Taken together, the pushback from grand jurors looked a lot like a bicoastal revolt against prosecutors seeking to file harsh charges against local residents in an atmosphere of anger or distress over Mr. Trump’s political agenda.
It remains unclear whether grand jurors in Virginia might do the same if they have to consider felony charges against Ms. James or Mr. Comey. Grand jurors in Maryland could also face an analogous situation if prosecutors seek to obtain an indictment in another case that Mr. Trump has pushed against Senator Adam B. Schiff, Democrat of California.
Judicial Review



If any of these cases do reach indictment, defense lawyers would move quickly to challenge the charges with motions to dismiss in what would amount to a third line of defense against the prosecution.
At this stage, Mr. Trump’s own words could come back to haunt him.
On social media over the weekend, Mr. Trump preemptively declared that Ms. James, Mr. Comey and Mr. Schiff were “all guilty as hell, but nothing is going to be done.” An unfounded statement like that could easily be featured in a motion accusing the Justice Department of taking part in an improperly vindictive prosecution.
Such motions are notoriously difficult to win, and yet the defense has recently filed them in a handful of high-profile cases in which the president and his top aides have made public statements suggesting a political animus against the defendant.
In Mr. Abrego Garcia’s case, lawyers accused the government of bringing charges against him only after he fought his initial deportation. They also said administration officials had made incessant attacks against their client, calling him a “gangbanger,” “monster,” “illegal predator,” “illegal alien terrorist” and “human trafficker.”

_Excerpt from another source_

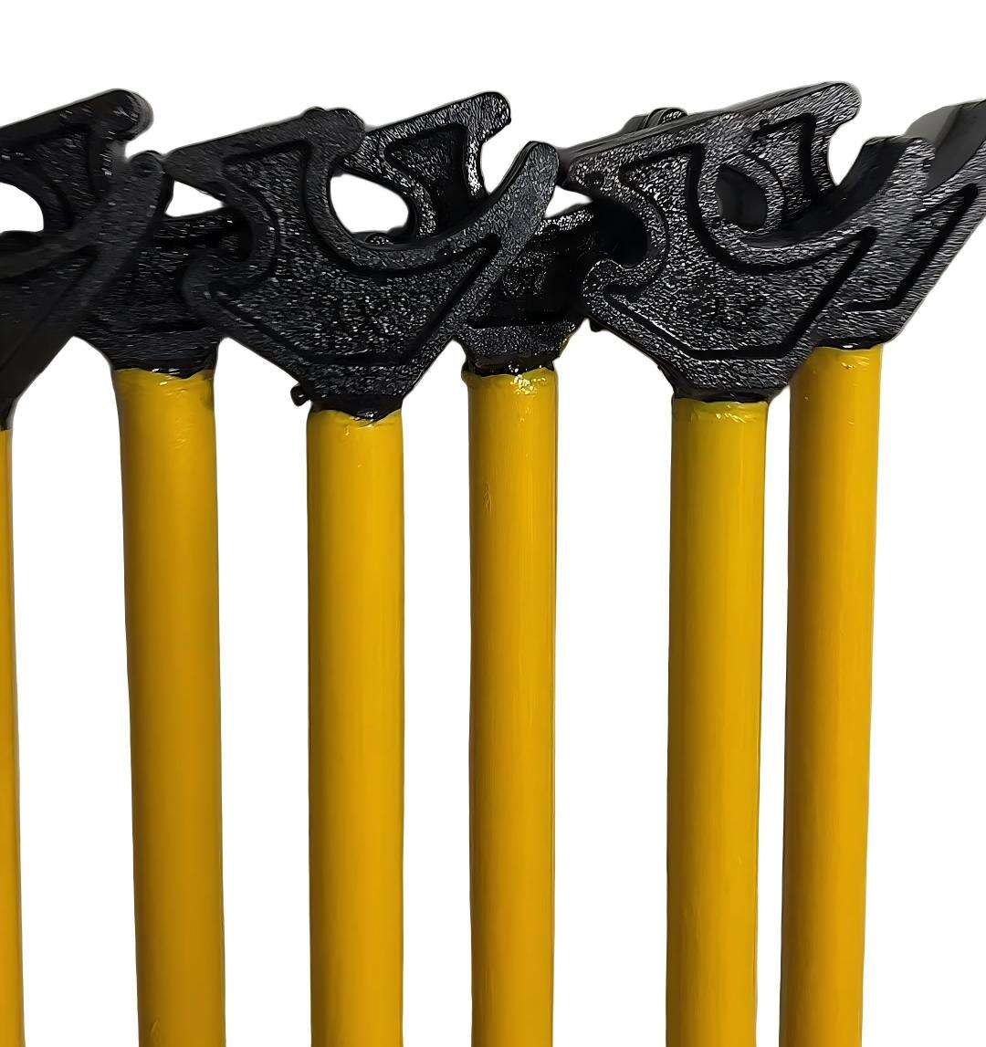 Die hoofliggaam is vervaardig van hoësterkte Q460 legeringstaal, wat deur middel van integrale giet- en presisiesnyselprosesse gevorm word, en ondergaan 'n streng hittebehandelingproses. Die treksterkte bereik ≥550MPa, en dit kan die kragtige impak van swaar rolmateriaal weerstaan sonder vervorming of breuk. Die oppervlak is behandel met galvanisering + anti-korrosie-laaie, wat 'n dubbele anti-korrosiebarrière vorm wat doeltreffend roes, oksidasie en korrosie weens reën, sneeu, stof en chemiese media in die buitelugomgewing weerstaan, en sodoende langtermyn stabiele gebruik verseker.

Mr. Siebert’s ouster in Virginia could also wind up being used in an effort to discredit a potential prosecution. Defense lawyers could make hay out of the fact that the man who once ran the prosecutors’ office clearly had qualms about bringing charges.
Costs of an Offensive, Nonetheless
While all of these guardrails offer some measure of protection against wrongful or malicious prosecution, sometimes, as criminal justice experts say, the process is the punishment.
Even if a prosecution is dismissed or does not pan out, facing criminal charges — especially from a powerful federal government — can be extremely stressful, painfully expensive and deeply damaging to personal reputation.
One of Mr. Trump’s close allies, Ed Martin, who runs the so-called weaponization working group, which was created to go after the president’s opponents, admitted earlier this year that he plans to use his authority to expose and discredit those he believes to be guilty, even if he cannot find sufficient evidence to prosecute.
“If they can be charged, we’ll charge them,” Mr. Martin told reporters in May. “But if they can’t be charged, we will name them. And we will name them, and in a culture that respects shame, they should be people that are ashamed.”